Лара мельком взглянула на сестру, закрывшую лицо руками, и продолжила:

– С двенадцати лет нас уже продавали. Многим было интересно с двумя сестрами одновременно. А если мы сопротивлялись – били, не по лицу, лицо – товар. Ланка даже хотела на себя руки наложить, да я не дала. Сказала, что мы вырастем и отомстим. Только из-за этого и продержались еще два года. Помогла воспитательница. Мы писали с ней в месяц по несколько запросов – искали отца. И нашли. Он и знать не знал про то, что мы существуем на свете. Доказать отцовство быстро не получилось, и он нас просто удочерил. Помог с образованием, одел-обул, как мог попытался вернуть нам детство.
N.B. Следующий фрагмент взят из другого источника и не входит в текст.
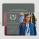 A formal but modern graduation photo announcement to celebrate professional nursing qualifications. Featuring a full-bleed photo with a colour overlay and the Asclepius symbol (with the 'RN' abbreviation) surrounded by a laurel wreath. The template text for the graduate’s details is completely customisable, so the font size, style, colour and placement can be changed. The back features a solid coloured background and template text for a longer message. If you would prefer to include no text on the back, just delete it before ordering. If you would prefer a photo on the back of the card, delete both the coloured background and the template text and upload your own photo. The design is available in other colours and with different medical qualifications in my store.
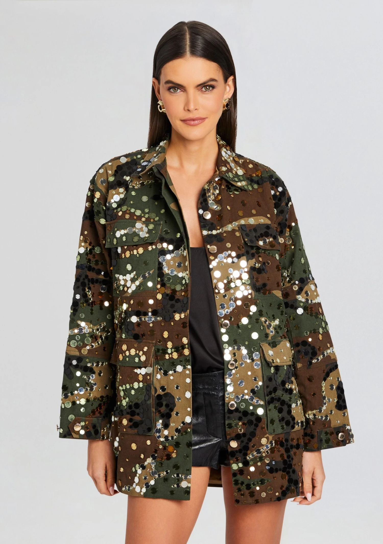 Introducing the ultimate statement – our Arlie Jacket. This jacket seamlessly combines cool and edgy style, featuring a captivating camo pattern adorned with dazzling sequin embellishments. With convenient pockets for added functionality, it’s the epitome of fashion that’s both trendy and unique. Shown here in Camo.
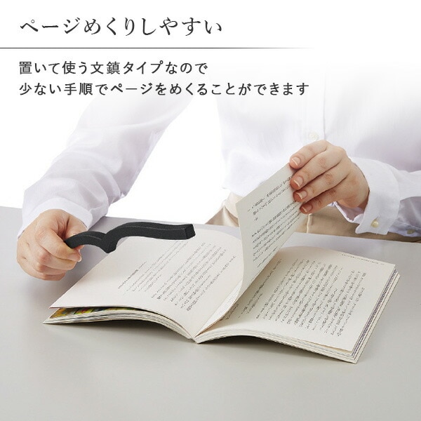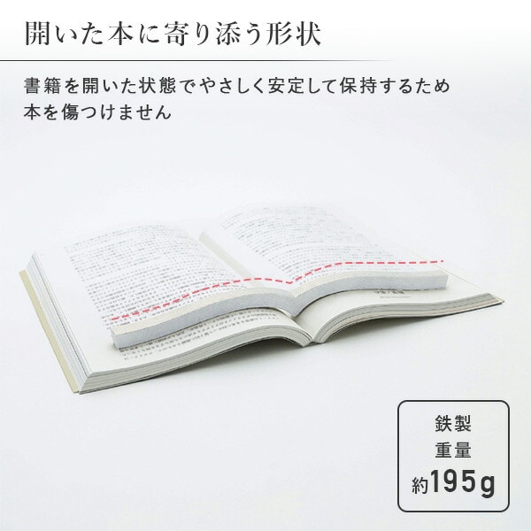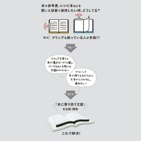 | 商品説明 | ●開いた本に寄り添う形状 ●少ない手順でページをめくることができる文鎮タイプ ●参考書を使って勉強する際やレシピ本を見ながら料理をする際など様々なシーンで活躍 |
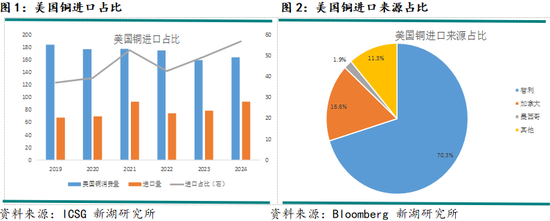 在美国铜消费结构中,约一半的量来源于进口。24年由于年中COMEX逼仓的影响,美国铜进口量大幅攀升,进口占比由23年的50%升至57%。24年美国共进口精铜92.6万吨,其中70%来自于智利,约17%来自于加拿大,墨西哥仅占1.9%。

Чара словно услышала что-то в словах девушки, что-то не угрожающее, а наоборот, жалкое. Она перестала сторожить «чужого», легла у ног сестер и положила голову на толстые лапы.

– Самсонов тогда уже стал народным артистом. Не сходил с экранов. И мы решили, чтобы поближе к нему подобраться, сделать Ланку артисткой. Она с первого раза поступила в театральный. Прочитала на вступительных что-то трагичное, даже слезы пролила –интернат вспомнила. И училась легко. А я помогала отцу с бизнесом – у него типография была своя, – приватизировал с другом на двоих еще в начале девяностых. Теперь я там хозяйка, папа умер, а его друг все на меня переписал, я ему выплачиваю проценты. Кстати глянцевый журнал «Артисты России» у меня печатают. Там столько про Самсонова информации можно было найти! Роль в этом фильме, который здесь снимают, Ланка сама заработала, переспала с кем надо. Не привыкать ей притворяться, как и мне.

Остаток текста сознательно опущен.